But note well the assumption that underpins all of this: that death or serious injury is always and only the worst thing that can happen to a character. This is, I would argue, a fundamental error or, at the very least, a failure by GMs and players to use all of the levers that are available to them to make a game interesting and entertaining.
Character death in RPGs is almost always a purely mechanical process. It comes about because the game rules around damage through combat or falling or poison or whatever impose mechanical consequences that result in ‘zero hit points’ or ‘fatal wounds’ or whatever the wording laid over the numerical metric happens to be. This makes a lot of sense from a certain point of view. By making the process mechanical, players and GMs are all cognizant of the fixed and explicable parameters and so it is ‘fair and balanced’ (TM). It does not require messy interpretation or subjective assessment; math rocks (dice) do not lie and probability is not subject to emotional appeal. And death is… well… death. It is the (usually) irrevocable end; the ultimate sanction. As such, it should not be governed purely by GM whim or fiat and, by making the process one of objective mechanics, this less than ideal result is avoided. Thus it is for very good reason that almost every RPG core rulebook ever produced has a chapter dedicated to combat and, very often, one that includes a plethora of systems and sub-systems that sometimes run completely against the grain of the tone established by the more general rules.

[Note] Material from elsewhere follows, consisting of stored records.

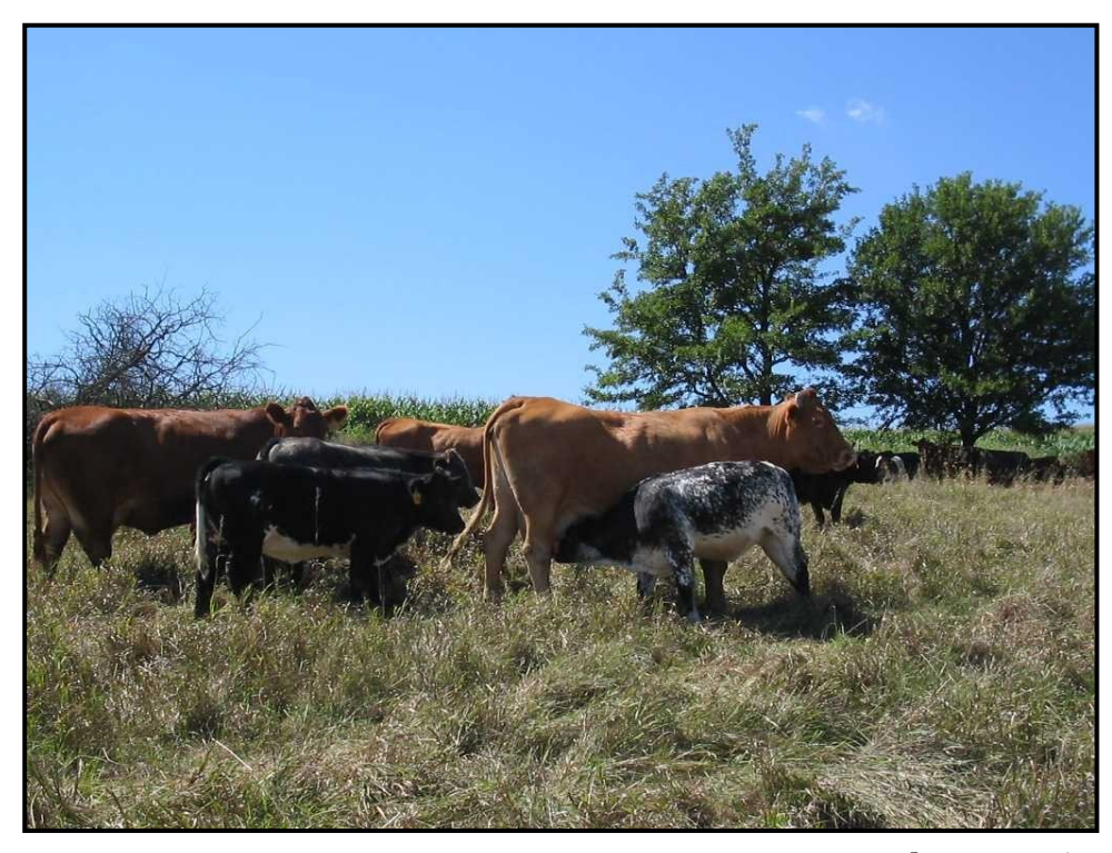
[BB X South Devon]

The Belgian Blue breed is an original type of bovine which has been created by the breeders of our areas in response to the requests of the market. These breed is the window of our agriculture and we are extremely proud of its amazing international destiny.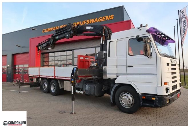
Scania R143-420 V8 Hiab 330-5 - JIB 90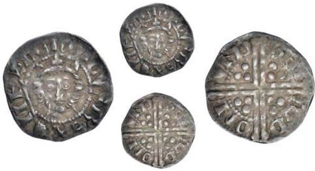
222 Penny, class VII, London, Renaud, RENAVD ON LVND , 1.47g/9h (N 1002; S 1378). Nearly very fine with old cabinet toning £300-400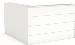
Axis Corner Reception without Pop-top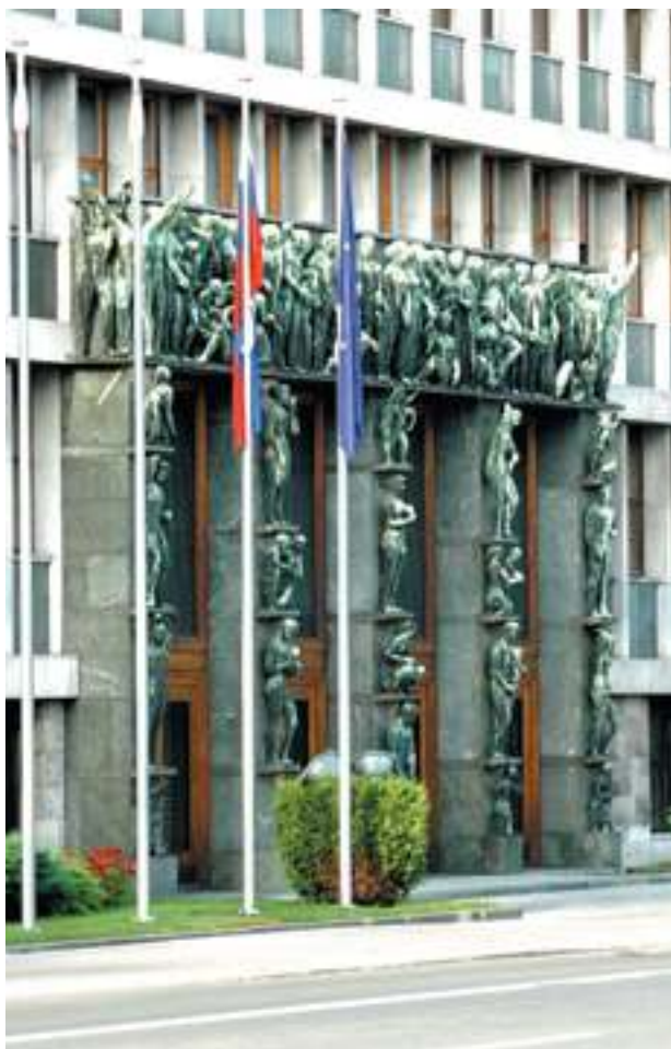
The parliament building on Šubičeva Street in Ljubljana houses the National Assembly and the National Council of the Republic of Slovenia.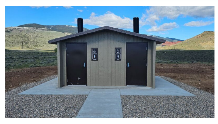
Concrete was poured at Outlaw Trails Vault Toilet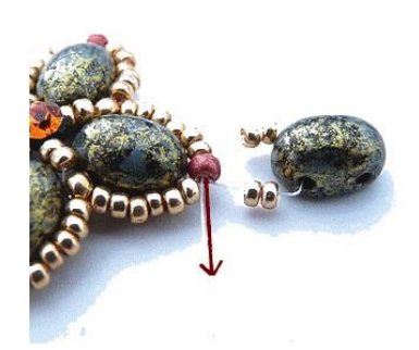
10) Pick up 2 R15, 1 Samos, 2 R15, pass through the R11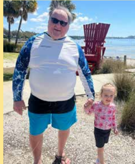
"The future is in our hands"

As the year progresses, we will continue to work hard to keep you up to date on the boat landing and other projects. Our Board of Directors is full but that does not mean we can't back and relax because there is so much more to get done and we have elections in September again.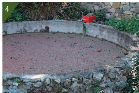
3. Colonisation of the Réginu River by Azolla filiculoides .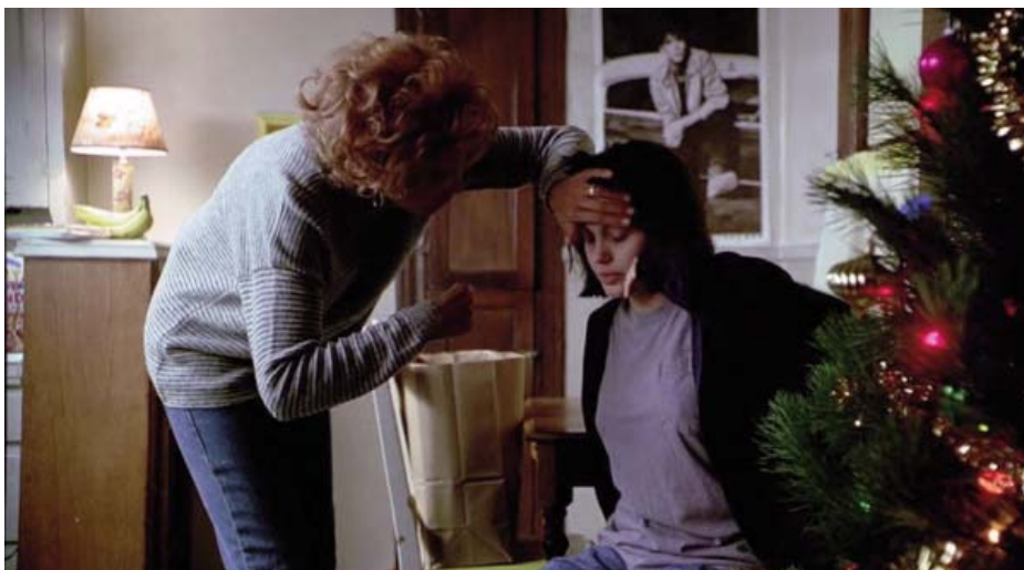
The AIDS begins. Fever...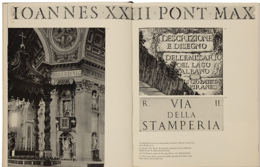
Figure 2. James Mosley, “Trajan revived”, Alphabet (1964), showing revived forms of antique Roman inscripational letters.

But if character death is the only meaningful consequence in an RPG then strange things start to happen. The paradoxical result is that what should be the most impactful event in the life of a character - its ending - can become either vanishingly improbable or trivial, depending on the particular play style or expectations at the table. In games where character death is considered a disaster, GMs and players have a tendency to seek to avert it at almost any cost which, over time, can lead to ennui or transgression. In games where death is a routine, almost casual, possibility, then nobody is motivated to invest in characters as anything other than buckets of stats and mechanical abilites to be cast aside without much care. As Proposition Joe says in The Wire when speaking of cheap electrical appliances and street level drug dealers that have outlived their usefulness ‘Might as well throw ‘em away and get another’.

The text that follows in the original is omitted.